Task prompt:
Would you repeat word for word the lines of the listing that follows, from the one with "Black and white" up to and including the one with "Rose Leaf Engraved", and leave out the images?

━━━ Entries shown ━━━

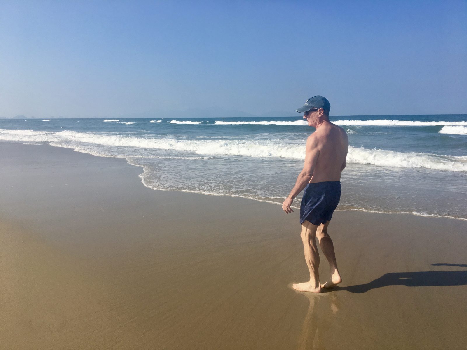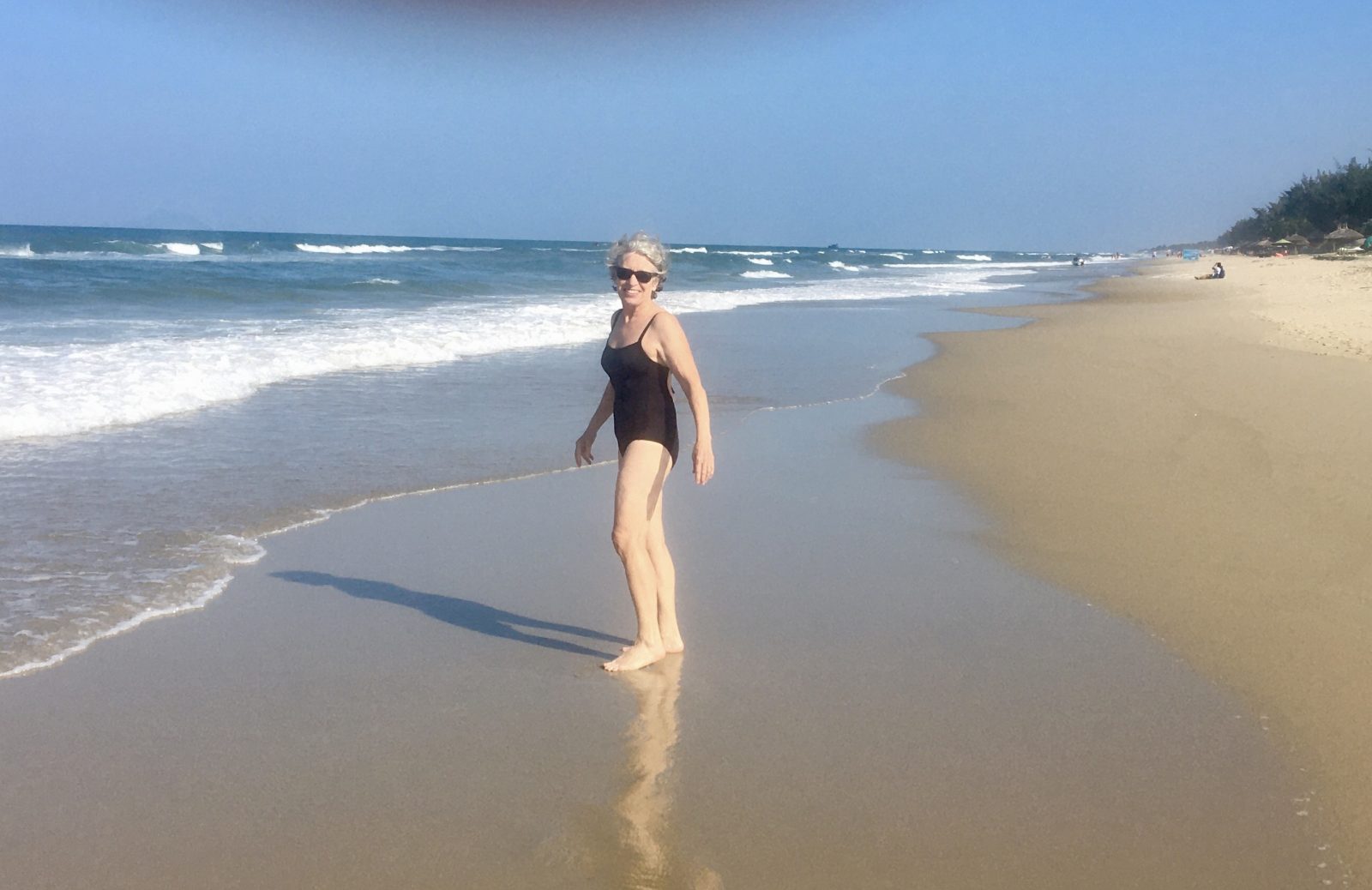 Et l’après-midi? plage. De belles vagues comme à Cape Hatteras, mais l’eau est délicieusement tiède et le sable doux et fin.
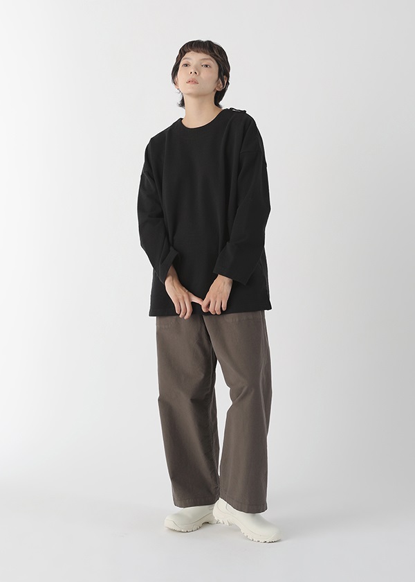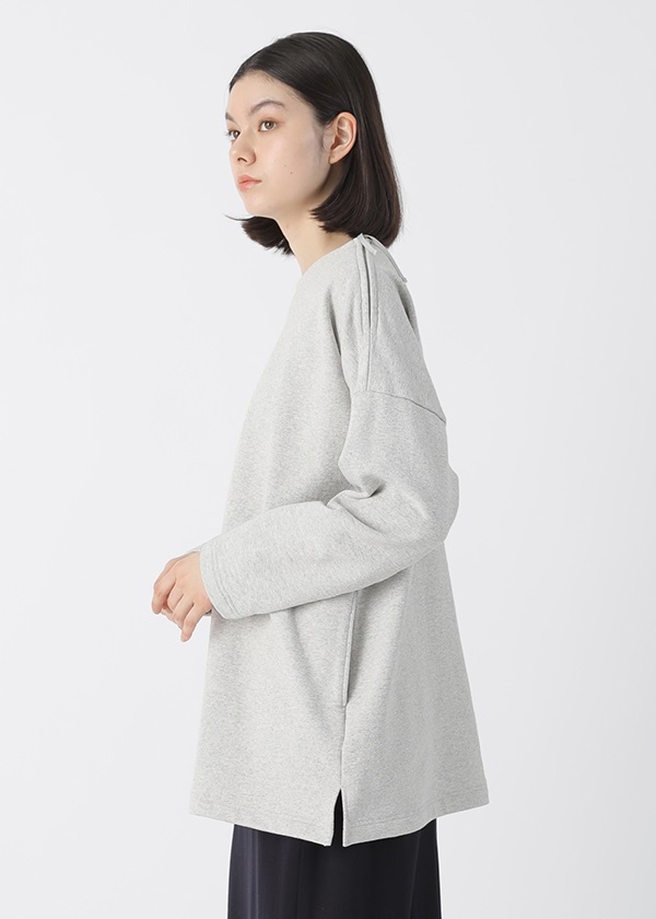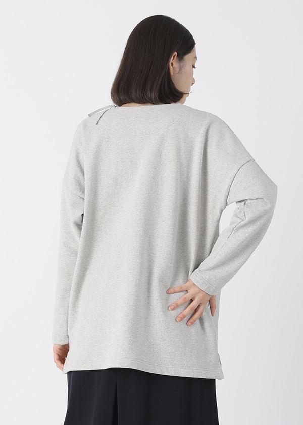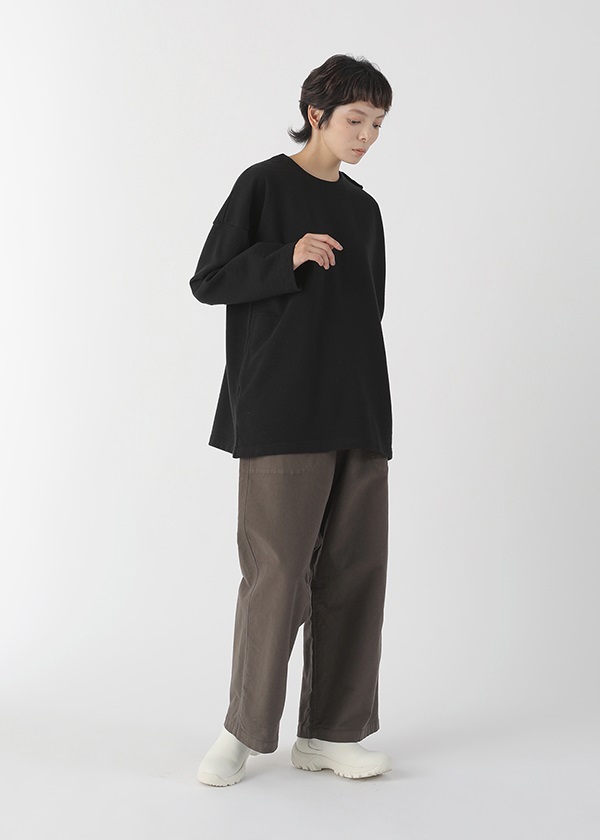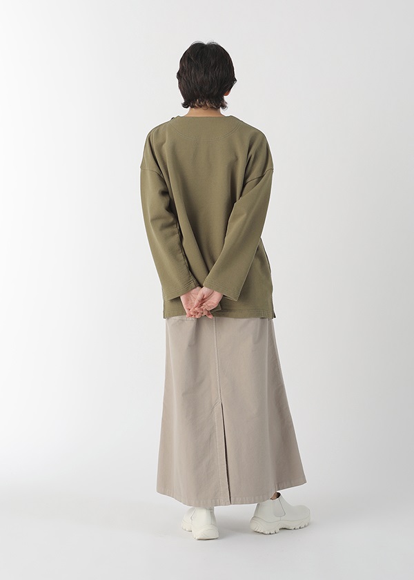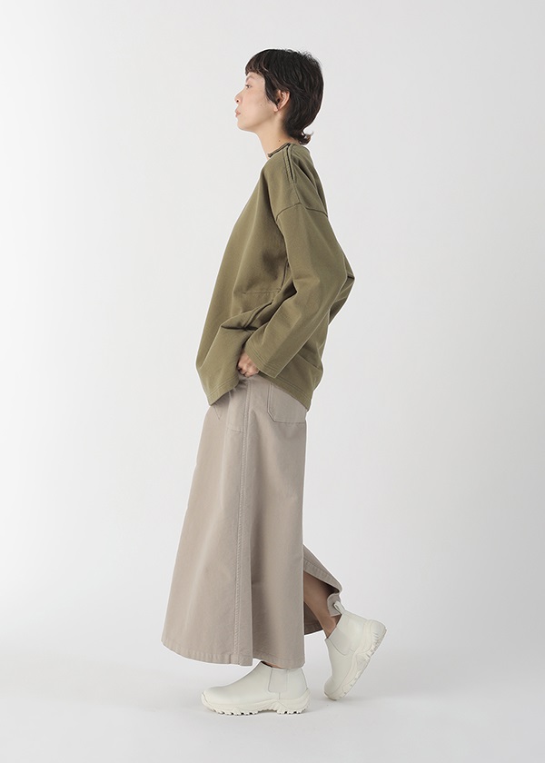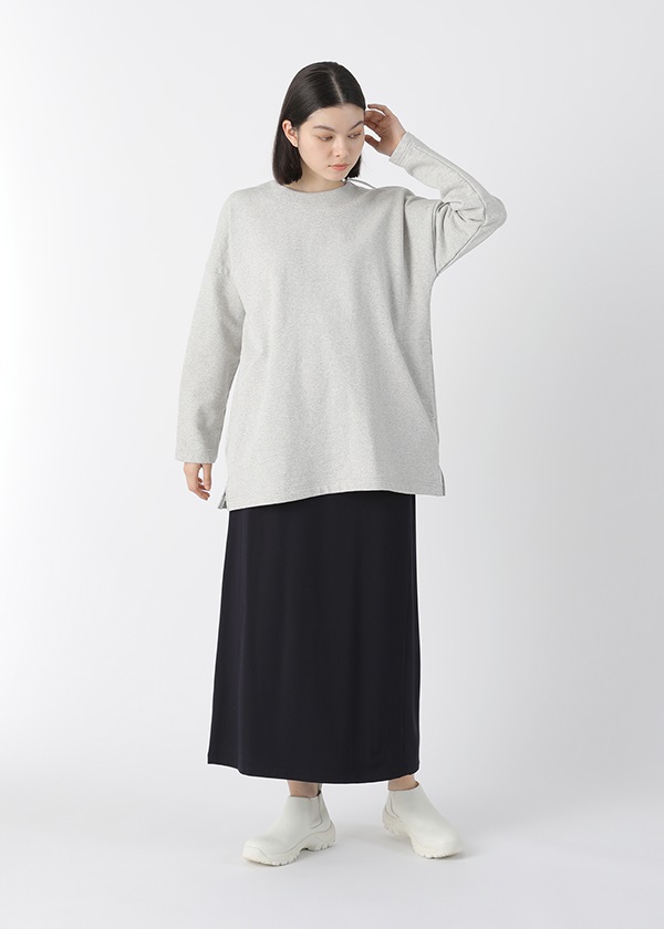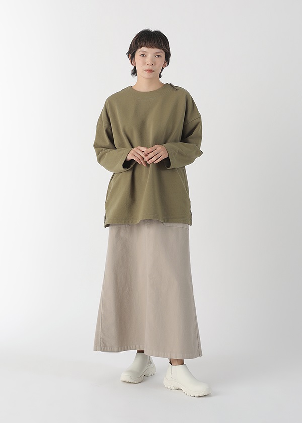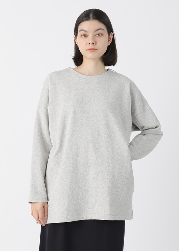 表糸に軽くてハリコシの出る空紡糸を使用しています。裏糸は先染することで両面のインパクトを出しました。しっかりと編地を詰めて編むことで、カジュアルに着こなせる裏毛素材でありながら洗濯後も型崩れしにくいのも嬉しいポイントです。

━━━
━━━ Entries shown ━━━

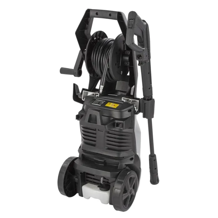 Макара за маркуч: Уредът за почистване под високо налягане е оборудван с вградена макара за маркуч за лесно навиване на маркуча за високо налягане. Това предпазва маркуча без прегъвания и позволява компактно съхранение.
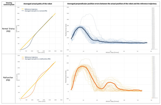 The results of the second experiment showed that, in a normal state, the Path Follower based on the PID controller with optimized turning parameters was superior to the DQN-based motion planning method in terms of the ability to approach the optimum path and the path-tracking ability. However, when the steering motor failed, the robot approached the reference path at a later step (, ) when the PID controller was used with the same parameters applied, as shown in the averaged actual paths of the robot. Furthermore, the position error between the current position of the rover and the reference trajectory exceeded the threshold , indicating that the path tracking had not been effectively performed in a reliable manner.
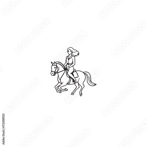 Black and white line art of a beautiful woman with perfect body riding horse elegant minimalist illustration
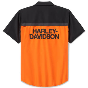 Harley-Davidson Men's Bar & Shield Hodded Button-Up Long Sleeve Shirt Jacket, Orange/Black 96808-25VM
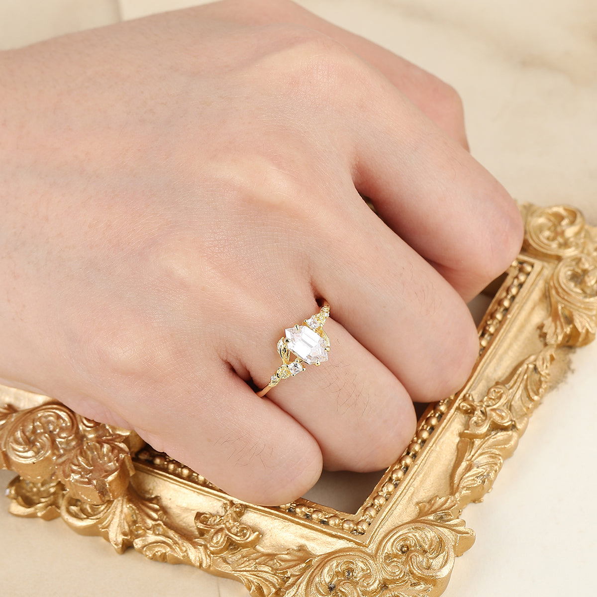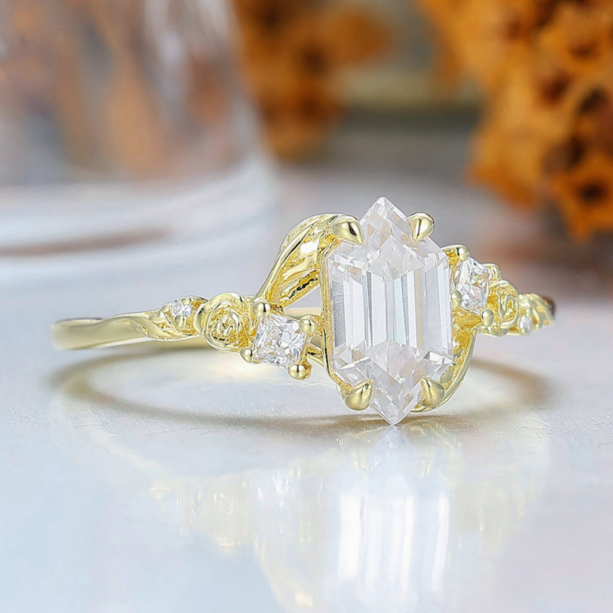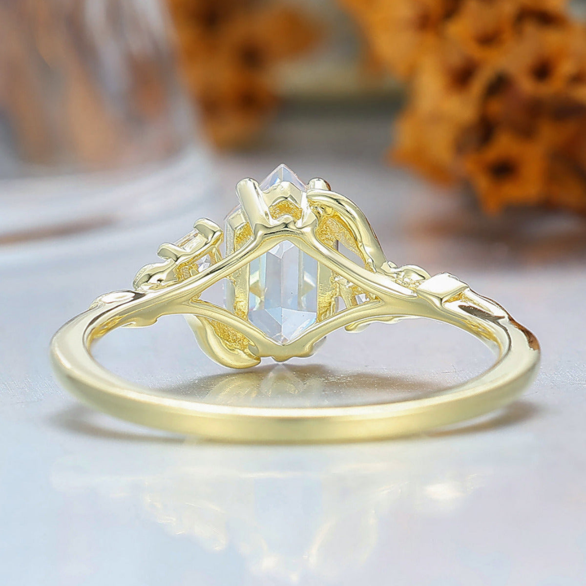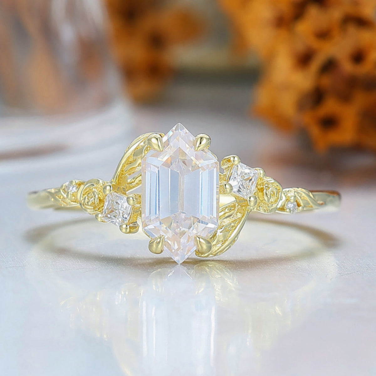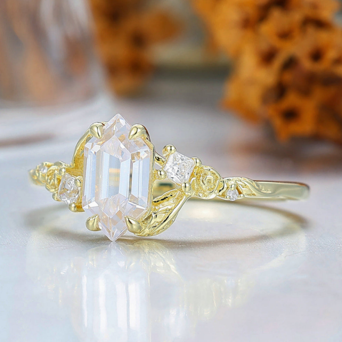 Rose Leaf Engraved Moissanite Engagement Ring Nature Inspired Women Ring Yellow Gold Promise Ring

━━━

Task output:
 Black and white line art of a beautiful woman with perfect body riding horse elegant minimalist illustration
 Harley-Davidson Men's Bar & Shield Hodded Button-Up Long Sleeve Shirt Jacket, Orange/Black 96808-25VM
 Rose Leaf Engraved Moissanite Engagement Ring Nature Inspired Women Ring Yellow Gold Promise Ring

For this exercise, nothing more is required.